Nos anos 80 líamos com fascínio os escritores latino-americanos e exultávamos com as suas obras. Muitas vezes me interroguei por que razão não éramos capazes de escrever livros mais arrojados. Ou de ter posições públicas mais livres. Parece-me evidente que há constrangimentos: a proximidade do poder, por vezes a relação concupiscente com o mesmo, a auto-censura, a noção do preço da dissensão, a complacência, a resignação mesmo diante de um evidente opróbrio. O silêncio como forma de não pôr em causa o fim último. Tenho para mim que discordar não faz de quem diverge necessariamente anti-patriota. Antes pelo contrário, revela-se interesse e não descaso. Mas isso não serve perante os prosélitos do regime.

Tenho pensado muito, nestas semanas, em dois belíssimos escritores zimbabweanos. Dambuzo Marechera, que morreu prematuramente, em 1987, aos 35 anos, e Chenjerai Hove, que morreu no exílio, na Noroega, em 2015, aos 59 anos. Marechera era um iconoclasta absoluto – poeta e contista notável. Morreu cedo injustamente, vítima de SIDA.

Zimbabwe perdeu ali a sua esperança mais potente em termos literários nos anos 80. Ficou um marco – o livro de contos The House of Hunger.
Conheci, em Harare, em 1989, Chenjerai Hove. Colaborei, pela mão do Mia Couto, na Agência Internacional de Notícias – IPS, alternativa, sediada regionalmente no Zimbabwe, que tinha Chenjerai como coordenador. Hove era um homem probo, optou pela sedição e pela denúncia do que era e é absolutamente inaceitável. Acabaria por ser o mais importante escritor do país do pós-independência, não só pelo livro Bones, mas por uma imensa obra, que incluía poesia e ensaio, para além da ficção. A sua dissensão valeu-lhe o exílio. O vetusto Patriarca não se permite a tolerar liberdades, muito menos críticas.

Gostava imenso de ler o que eles escreveriam ou como eles descreveriam estes tempos que marcam, inelutavelmente, o fim do velho e alucinado Patriarca no seu país. O Outono deste Patriarca. O Inverno deste Patriarca. Felizmente, a notável escritora NoViolet Bulawayo não só escreve, como é lúcida e ferozmente crítica.

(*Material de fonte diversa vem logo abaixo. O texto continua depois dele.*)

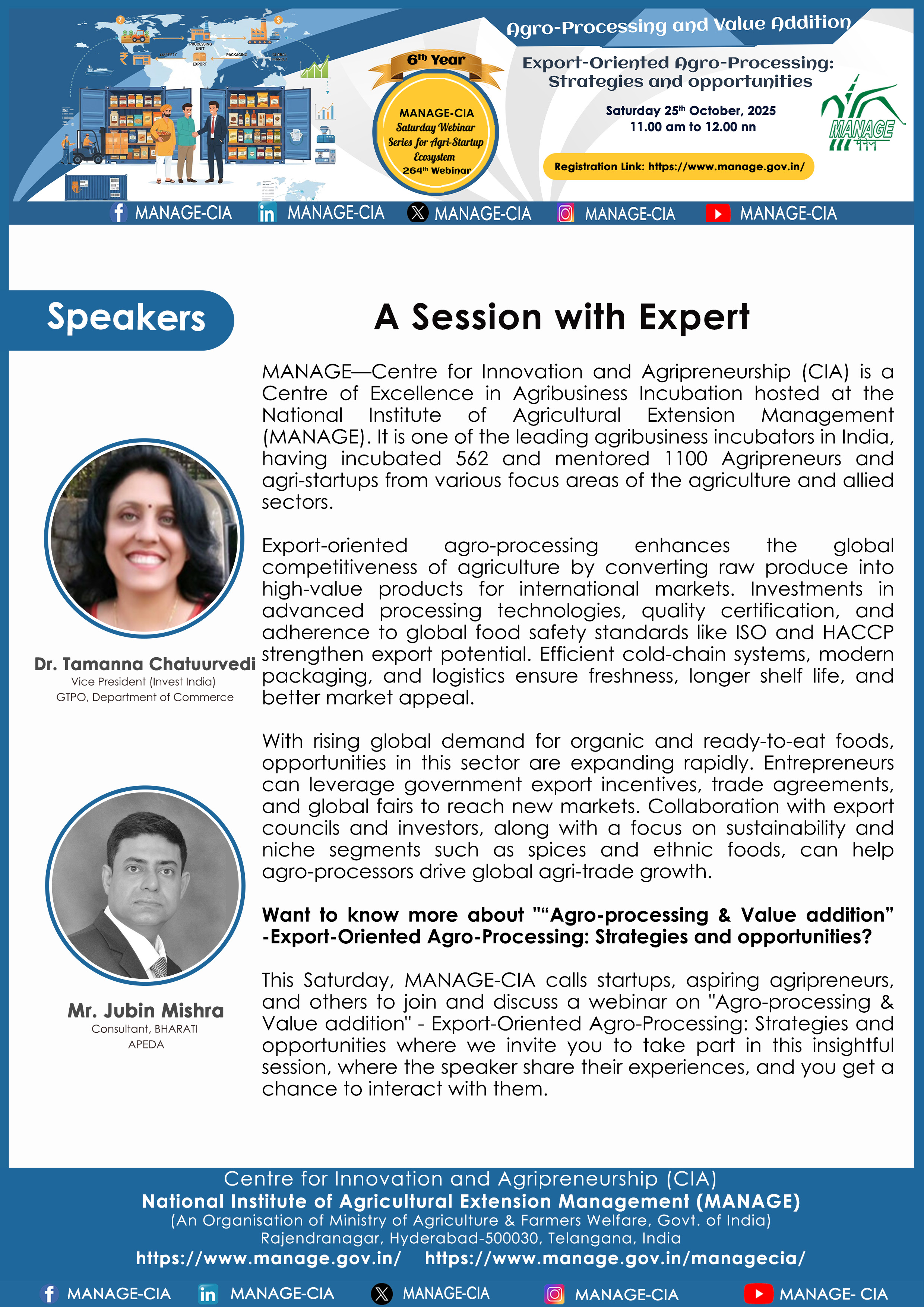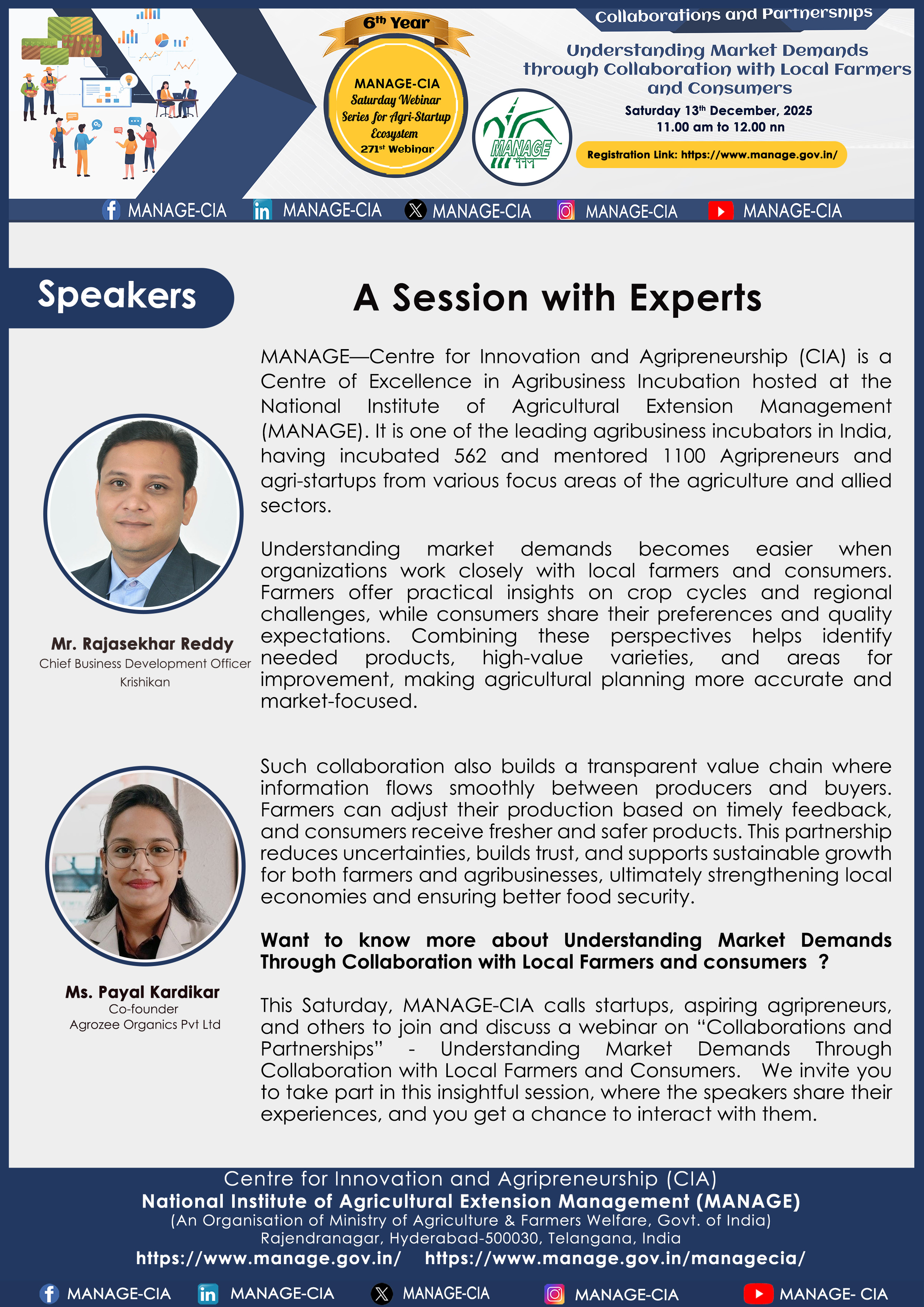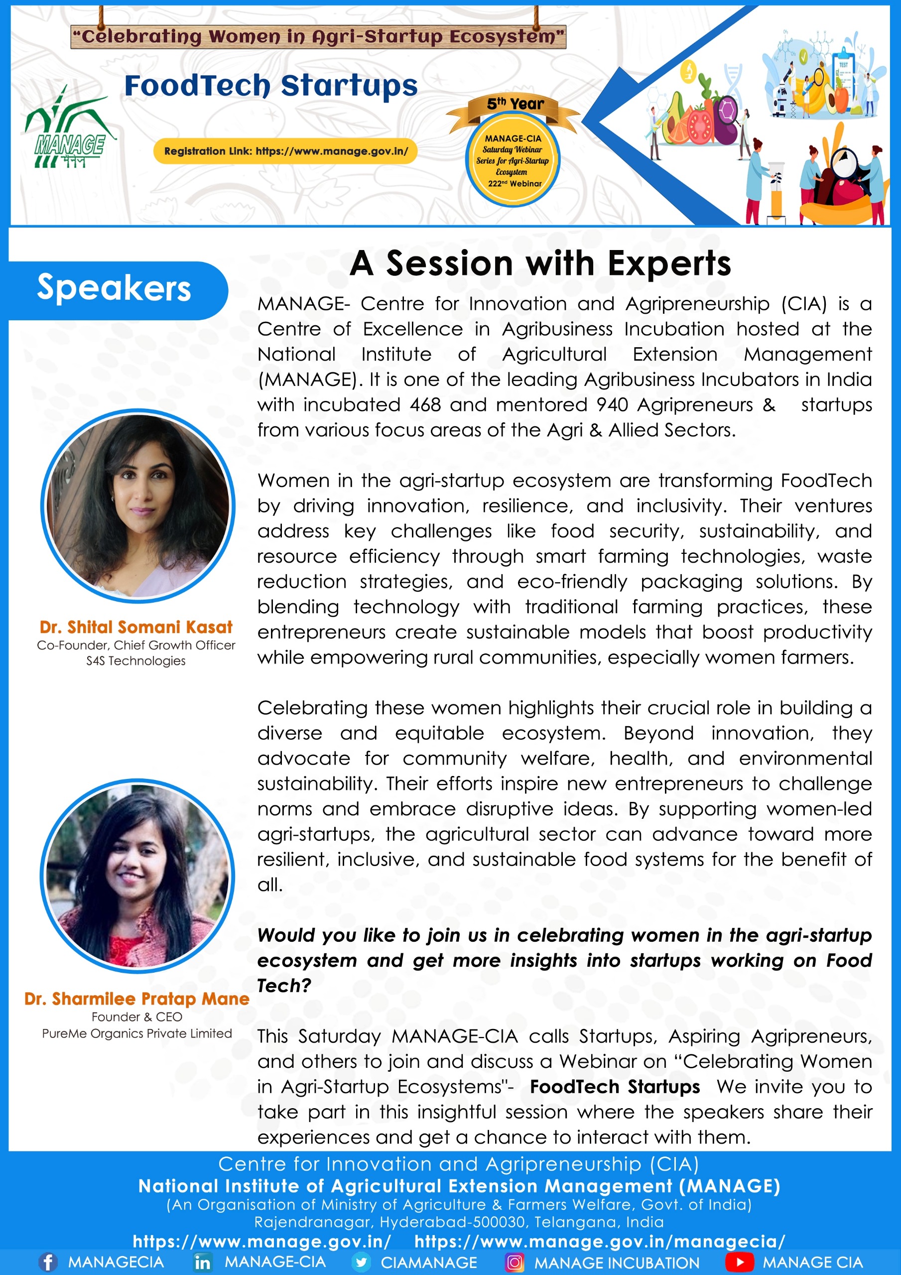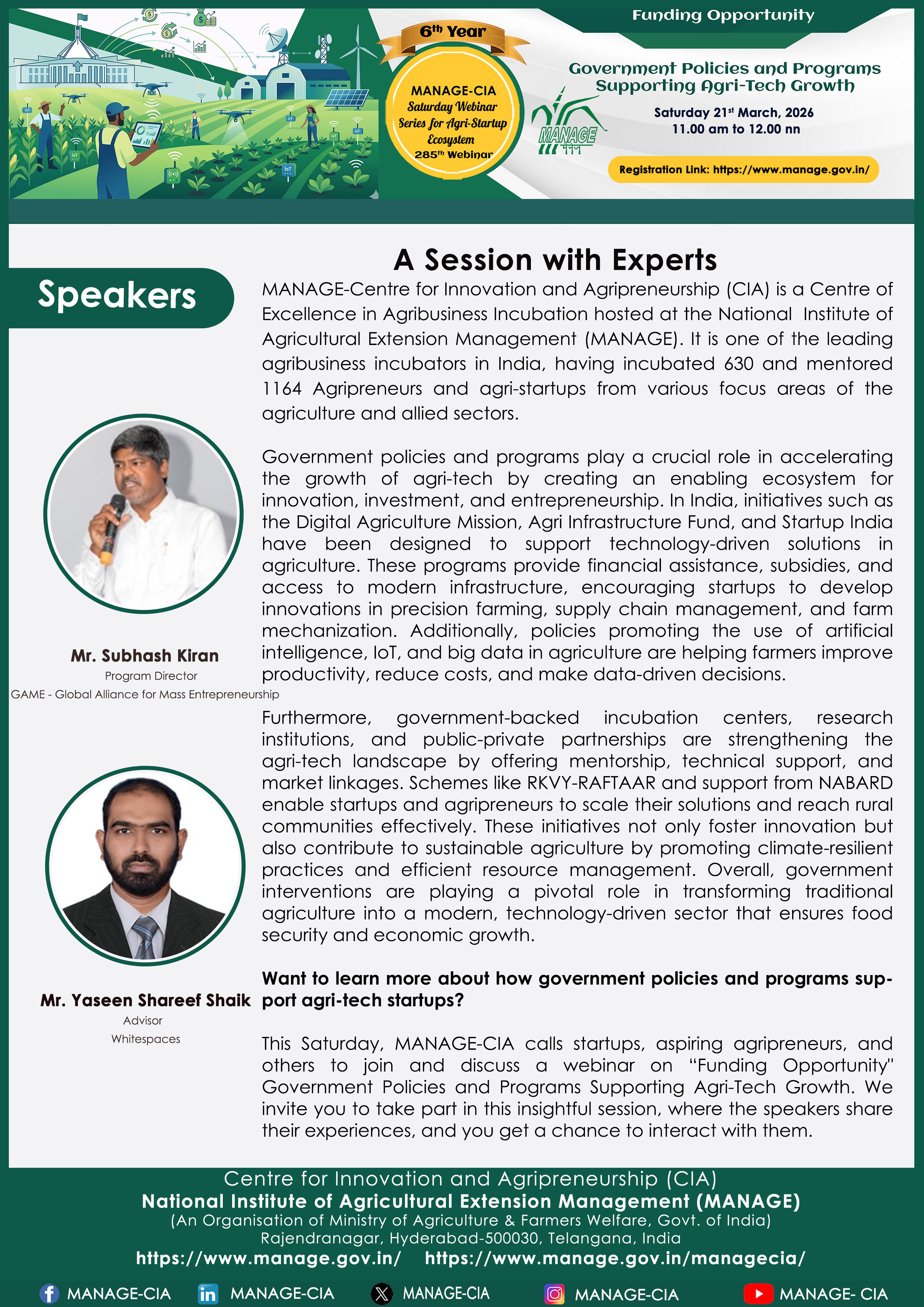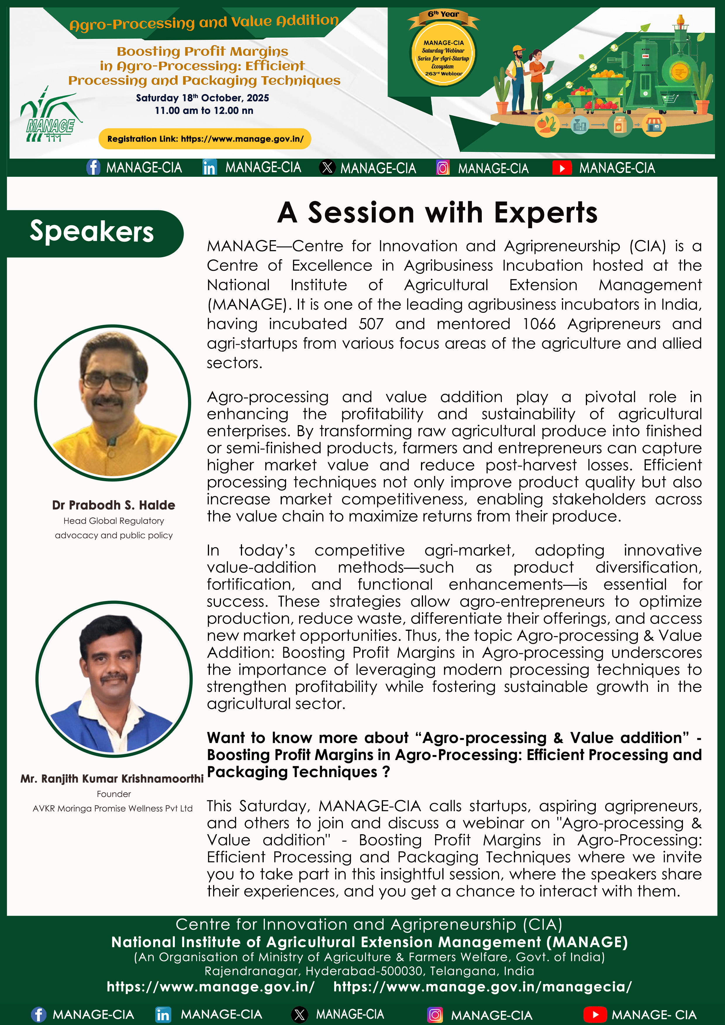 National Institute of Agricultural Extension Management (MANAGE) - Centre for Innovation and Agripreneurship (CIA), has launched “Saturday Webinar Series” to address various important topics relevant to Agri-Startup Eco-System and to create awareness among the Agri-Startups, Agri Entrepreneurs, Faculties, Scholars and Students, across India. Webinars are being conducted every Saturday 11 AM – 1 PM IST.

Numa entrevista ao The Guardian, de Londres, há quatro anos, disse sobre o velho Patriarca: “There was a time when he was good for the country but I feel like that time is gone”. Não poderia haver melhor tradução para aquilo que intuía Lord Acton: “Houve um tempo em que ele foi bom para o país, mas eu sinto que esse tempo se esgotou…” (tradução livre).

É esta percepção que me parece ineludível. O seu tempo está esgotado. O Patriarca está fora do seu tempo e vive alucinado com e pelo poder. Poderia ser, evidentemente, um tema literário. Mas é muito mais do que isso. Porque aquelas imagens patéticas e cómicas encerram, indubitavelmente, uma grande tragédia. Não só por aquilo que foi, provavelmente, a grandeza deste homem – e sou capaz de reconhecê-lo -, mas a sua miséria, agora escancarada. Ou, sobretudo, a miséria humana e material a que condenou aqueles que agora o querem ver apartado do poder e gritam-no livremente nas ruas.
Como teria advertido Lord Acton, na célebre epístola ao futuro Bispo de Londres, quando falava do poder absoluto e dos seus efeitos devastadores, um grande homem que se tornou inevitavelmente num homem mau.

PS – O Patriarca haveria entretanto de resignar, depois de redigido este texto. O júbilo dos zimbabweanos comoveu-me até às lágrimas. Há muito que eu não vivia algo tão exaltante. Eu sou um implacável sonhador da liberdade. A ignomínia com que se cobriu no fim este homem releva da estupidez que o poder absoluto e a corrupção são pródigas em impor.